(Provided data Opens)

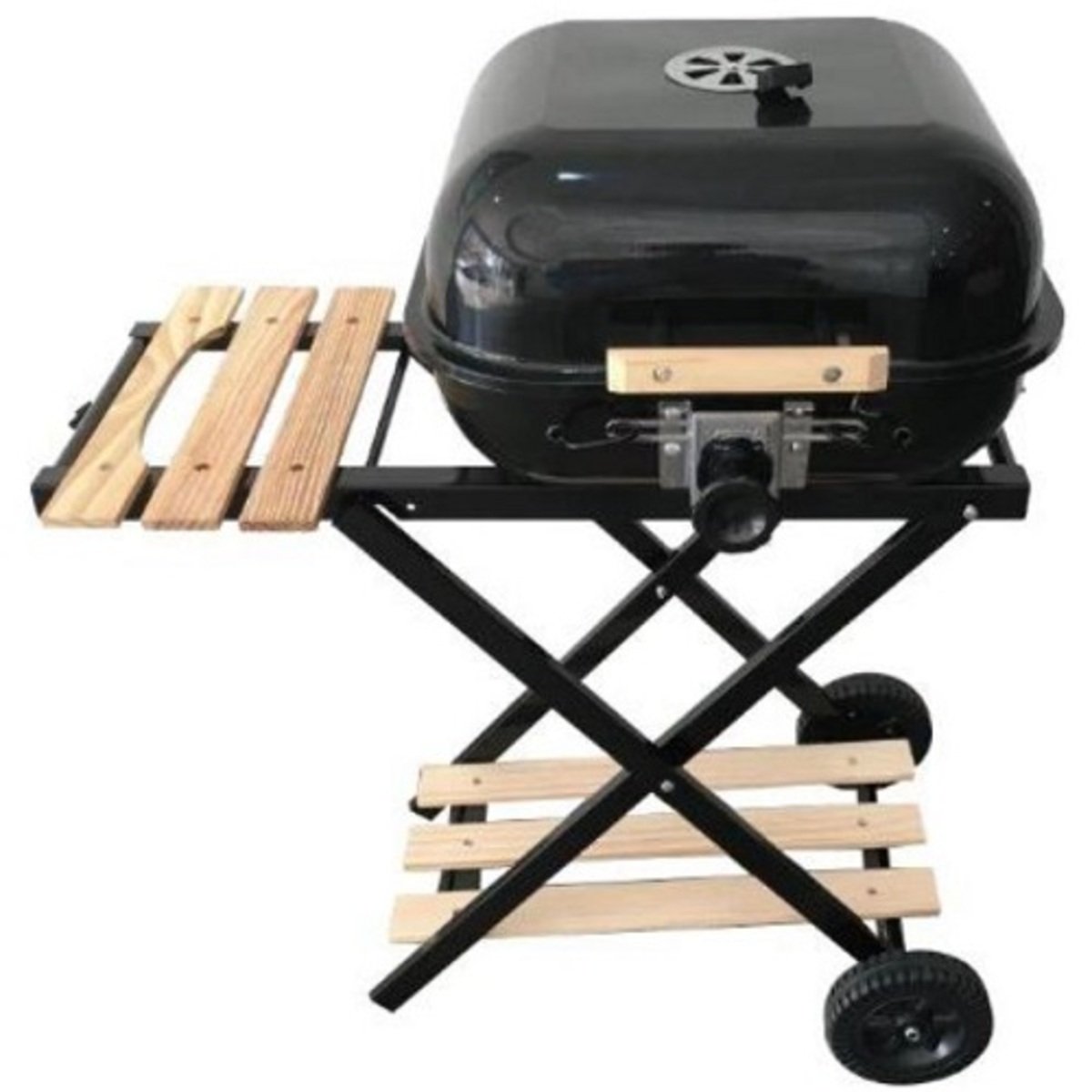 تتميز الشواية بهيكل متين وعربة مربعة قابلة للطي تسهّل عليك التنقل والتخزين، مع طاولة جانبية من شرائح خشبية عشان تجهز المكونات أو تضع الأدوات وانت تطبخ براحتك.
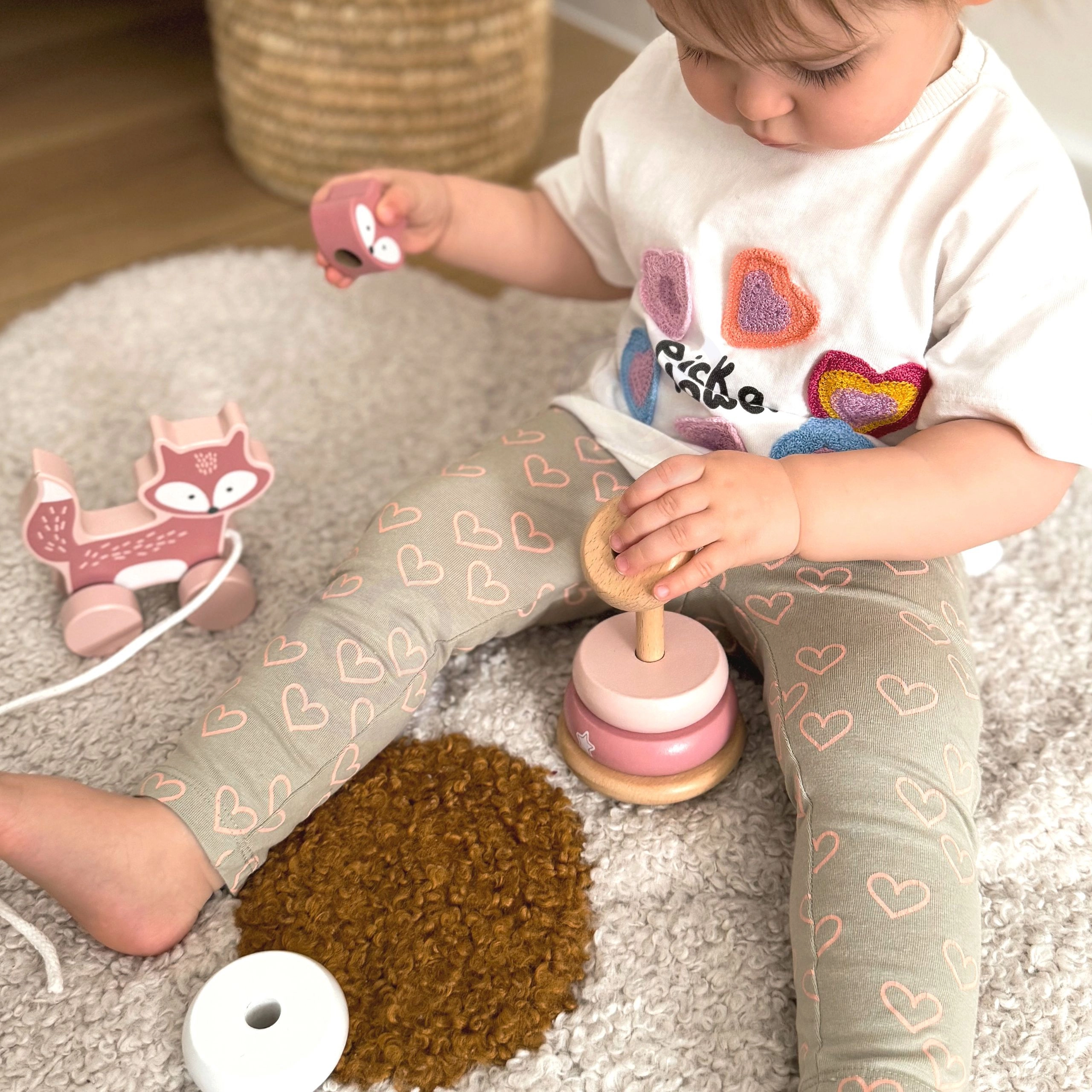 Ένα πακέτο, διπλή διασκέδαση. Τα παιδιά μπορούν να εναλλάσσουν το ήρεμο στοίβαγμα κρίκων με το ενεργητικό τράβηγμα της αλεπουδίτσας, ενισχύοντας τη μάθηση και την κίνηση.
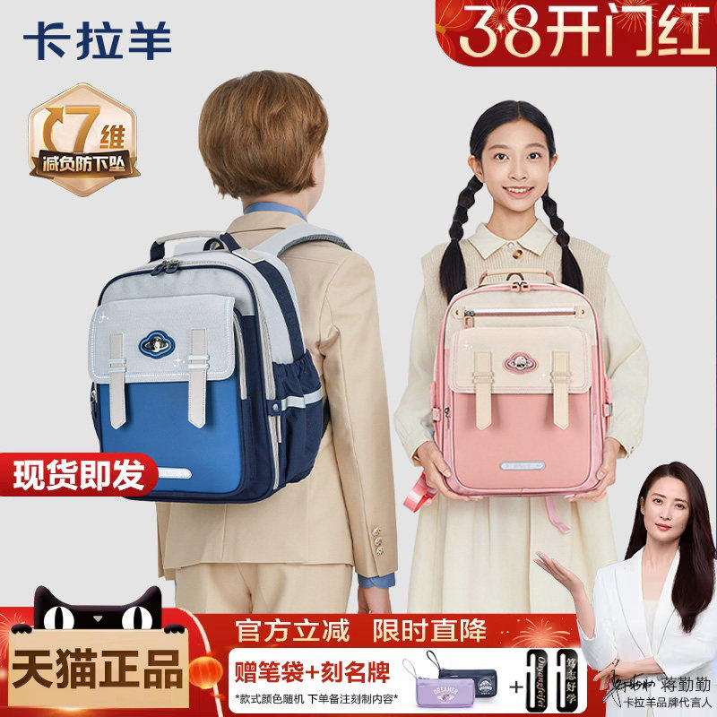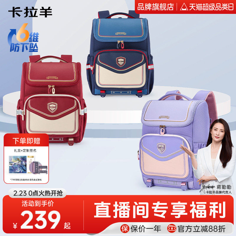 卡拉羊防下坠书包女生小学生1一4一6年级轻便减负高颜值双肩包男
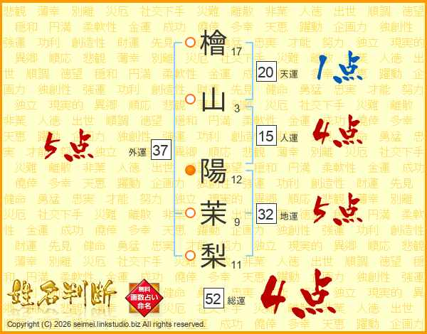 檜山陽茉梨さんの総運は52画の4点!

(Provided data Closes)

■ **Description of the task**
Each line above should be written out again unchanged; no images are to be carried over.

■ **Output of the exercise**
 تتميز الشواية بهيكل متين وعربة مربعة قابلة للطي تسهّل عليك التنقل والتخزين، مع طاولة جانبية من شرائح خشبية عشان تجهز المكونات أو تضع الأدوات وانت تطبخ براحتك.
 Ένα πακέτο, διπλή διασκέδαση. Τα παιδιά μπορούν να εναλλάσσουν το ήρεμο στοίβαγμα κρίκων με το ενεργητικό τράβηγμα της αλεπουδίτσας, ενισχύοντας τη μάθηση και την κίνηση.
 卡拉羊防下坠书包女生小学生1一4一6年级轻便减负高颜值双肩包男
 檜山陽茉梨さんの総運は52画の4点!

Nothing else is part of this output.